After some research I was told that I should shift to a M4 or C4 platform/server because t2 is meant for low traffic sites and development and not production. Moreover I may come up with mobile apps soon and if load increases it will be a problem.

What should I do? Should I go for M4 or C4 server in aws ?

Thank you,

Regards,
GR
 
get some apps to better understand the delay in your apps.

has the traffic increased on a large basis? if so, do you understand why and has your code taken that into consideration.

perhaps start to use cache so the system does more reads verse processing & pulling data every. single. time.
 
You may want to look into running a cache in front of the site. If most of your traffic is from users who are not logged in, this can provide quite a bit of relief.
Even if they're logged in, a static cache will reduce load on the backend. Varnish is a good example and works very well.
 
Caching is a good idea and definitely one of the go-to options AWS would recommend. Are you actually running out of CPU credits during peak load times or is there something else causing the performance issue?
 
Thank you for your reply guys. Here is some addiional data that may help:

1) During peak times load is because of mysql as my 2 online applications reads stock related data from mysql db every 5 minutes.
2) Since the site works on CMS the data of pages is also read from db and shown to users
3) I have no compression or optimiziation enabled/done in site
4) I was told that my homepage size or something is 4 mb which is high.
5) Usually I get messages such as Excessive processes running under - public_html/index.php
6) Someone told me T2 Server is not meant for production and I should upgrade to M4. What are your thoughts on that ?

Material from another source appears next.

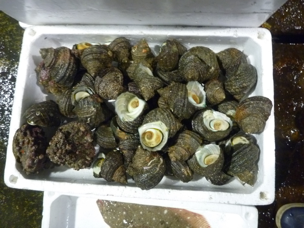 ニシ貝、サザエ、ナマコ等です。

During peak hours a lot of cpu credits are used. At night they accumulate and in day time they are used.

What measures should I take?
 
Production and non-production/development are fuzzy definitions meant to assign a qualitative value to performance capabilities. I have multiple production domain controllers and jump hosts running in Azure using their equivalent of t2 instances and I've seen no performance related problems. The best advice is to make sure that your workload's performance requirements match what the instance type is capable of providing.

Turning on some sort of compression seems like an easy win to reduce page load times and decrease the amount of data sent over the network. However, be wary of the increased demands on your cpu. If that's where your resource constraint lies, then it could end up exacerbating the problem.

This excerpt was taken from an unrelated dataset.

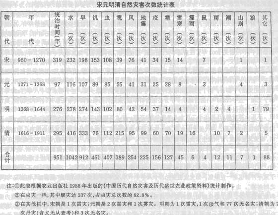 我国是个以农立国的文明古国,又是一个版图辽阔、自然条件复杂的泱泱大国。有着悠久历史的农业,是自然再生产与社会再生产的交织体。且首先是自然再生产,对自然有很大的依附性。常言道:“风调雨顺,国泰民安。”若灾害频繁,则民不聊生,国无宁日。自然灾害是对农业生产的严重威胁,它轻则使农业歉收,重则无收,甚至给人们生命财产造成巨大损失。研究我国古代自然灾害史,不仅能熟悉历史,更重要的是能启迪我们树立“天人合一”思想,协调人与自然的关系,制定适合国情的农业政策和抗灾避灾措施。本文仅就我国古代自然灾害的种类、特点和救荒策作一初浅概说。 一、远古时期至春秋战国:从洪水猛兽传说到五种灾情的提出 我国远古时期的自然灾害,无文字史料可查,历来只凭一些传说。解放后,考古工作者发掘的遗物和化石提供了一些分析考据的资料,但毕竟难以尽然。相传,在北京猿人时期,大地上生长着树林、灌木和丰盛的野草。虎、豹、狼、熊等野兽出没于森林和山野中。那里还有大象、犀牛和梅花鹿等。原始人用木棒和石器同野兽作斗争,过着狩猎生活。开始吃生肉和野果。后来发明了火,就把食物烤熟来吃。慢慢地又学会了把捕来的鸟兽驯化饲养,变成了家禽家畜。开始有了畜牧业。以后又学会了把野生植物栽培变成庄稼,因而有了种植业。种植业搞起来了,于是就存在一个同水旱等自然灾害作斗争的问题。“大禹治水”就是我国流传最广的故事:相传在五千年以前,尧在位时,黄河流域“天下犹未平,洪水横流,泛滥于天下,草木畅茂,禽兽繁殖,五谷不登,禽兽伤人,兽蹄鸟迹之道交于中国”(“《孟子•滕文公上》)。面对严重的水灾,尧即召开部落联盟会议,商量治水对策。四方部落首领首推鲧去治水。鲧花了九年时间也没能制服洪水。原来他的治水方法不对头,只知“水来土掩,造堤筑坝”,结果洪水冲塌堤坝,水灾反而越闹越凶了。舜接替尧当部落首领以后,亲自到治水的地方去视察,发现鲧办事不力,治水无方,即将其治罪处死,并命鲧的儿子禹去治水。禹接受了父亲的教训,采取开渠排水,疏通河道的办法,带领群众,经过十三年的艰苦奋战,终于把洪水引入大海。在十三年的漫长岁月里,禹三过家门而不入。当时,黄河中游有一座龙门山,堵塞了河水的去路,把河水挤得十分狭窄。奔腾东下的河水受到龙门山的阻挡,常常溢出河道,酿成水灾。禹亲自到实地察看地形,便带领人们将龙门山开凿了一个大口子。使河水畅通无阻。禹由于治水有功劳,后被推选为部落联盟首领。 夏代以后,农业上大规模垦殖,人们伐木、烧山、驱赶野兽。周朝以后,人们砍伐森林开垦农田,烧炭,建房。驱赶野兽,放牧,甚至为战争而毁林。由于森林的减少,干旱现象也就日趋严重。故到了春秋战国时期,农业生产中的主要灾害不是洪水内涝,而是干旱。以排除积水为其功能的我国古代沟洫,不能不为灌渠的兴起所取代。当时,干旱的秦国,沟洫无水可排,也无水可蓄,商鞅就干脆把它废除了。代之而起的是灌溉渠道。战国时期,著名的灌溉渠道工程有期思——雩娄灌区、都江堰、郑国渠等十多处。都江堰,灌溉成都平原万顷田。郑国渠(今陕西关中)可灌溉泽卤之地四万余顷。 远古时期至周朝以前的自然灾害大致有以下几个特点: 1.由于人类刚刚由原始猎狩生活转为畜牧、农耕生活,大自然还基本上保持原有的现状,原始植被遍地,森林茂密,野草丛生,野兽成群出没。那时,又正值地质史上最近一次冰河期的结束。大地回暖,气候湿润,地形复杂,江河无水路,百川无堤防,沼泽无障碍,故遇暴雨,洪水横流,泛滥成灾。“大禹治水”传说实际上是人类在一个相当长的历史时期与洪水作斗争的缩影。 2.极为简单的农业活动对灾害缺乏敏感性。饲养业是刚刚处于将野兽驯化为家畜的阶段;种植业上刚刚将野生的狗尾草培植为粟,将野菜培植为蔬菜,野果培植为家果这样一个漫长的过渡时期。籽入土而待收。多种少收,或有种无收。作物对水分要求不严格,对其他自然灾害更不敏感。所以,一般传说。也仅有洪水灾害的体验。 3.即使发生了自然灾害也无史料可查。因为文字还处在“甲骨文”时期和汉字成形时期,语言还没有规范化,人的思维能力还极有限,不可能有什么文字记载。因此,即使发生了各种自然灾害,人类也是朦昧无知,无所认识。仅有对“洪水”和“猛兽”的直观认识而已。 到了春秋战国时期,管仲所著《管子》一书,其中《度地》篇中已提到水、旱、风雾雹霜、疠(疫病)、虫等害,说明先民们已突破对洪水猛兽的传说,而开始对五种灾害有了初步认识。这是灾害学上一个起点碑。 二、两汉、新莽、魏晋、南北朝:旱、水、虫、饥、雹、风、疫、地震八灾搔扰 我国的两汉时期,即公元前206年至公元220年,历时426年。这期间有一个王莽篡政的l5年(公元8—23年)。此后是60年的三国鼎立时期(公元220—280年)、155年的两晋时期(公元265—420年)和历时161年的南北朝大分裂时期。这段漫长的历史时期,我国农业不断地向前发展。汉朝统治阶级非常重视农业。汉朝代的经济是以土地为基础。国家向农民提供一定面积的土地。官僚贵族占有较多的赐地,通常由农民耕种,再从农民那里按收成的比例征收土地税(实物地租)。由于人口增长(当时人口已到5900多万),加之官僚机构庞大,连年战争。政府

My personal recommendation is to drill deeper into the problem to find evidence which points to the bottleneck. Once you know where that is, you can start looking at options to correct the issue.
 
How many CPU cycles are you consuming peak?

How many CPU cycles are you consuming avg. during your high load period?

How large is the database, your web page is reading from?

How much of your current storage is being consumed?

What's the RAM usage of your instance look like under load?


I think you need to follow the advice others have laid out previously but answering the questions I listed should enable us to give you a non-optimized response.
 
The problem is to find someone suitable who can fix the problem. I spoke to 2 companies who just did a basic check for malware and said there is no malware and since your cpu usage is high we request you to shift to M4 server. I contacted some freelancers who said we need to enable compression, and optimize the db by installing memcache. Also probably enable reverse dns or cloudfare etc.

1) 200 cpu credits are used during high load i.e. 7 hours (approx.)
2) N/A
3) The website used db for cms, blog, and to store user registrations, products & invoice details. The size of that db would be 160 mb. The site runs 2 website apps which reads from db every 5 minutes and shows data to user. Those db few main tables have no more than 150 records .
4) Total disk space 60 GB and free is 35 GB
5) RAM usage is less I think as in whm I saw figures in memory% to be like 5% or 3% or 6% for a few processes and for the rest it was below 1%.
 
So you're entire instance is running within 1GB of RAM?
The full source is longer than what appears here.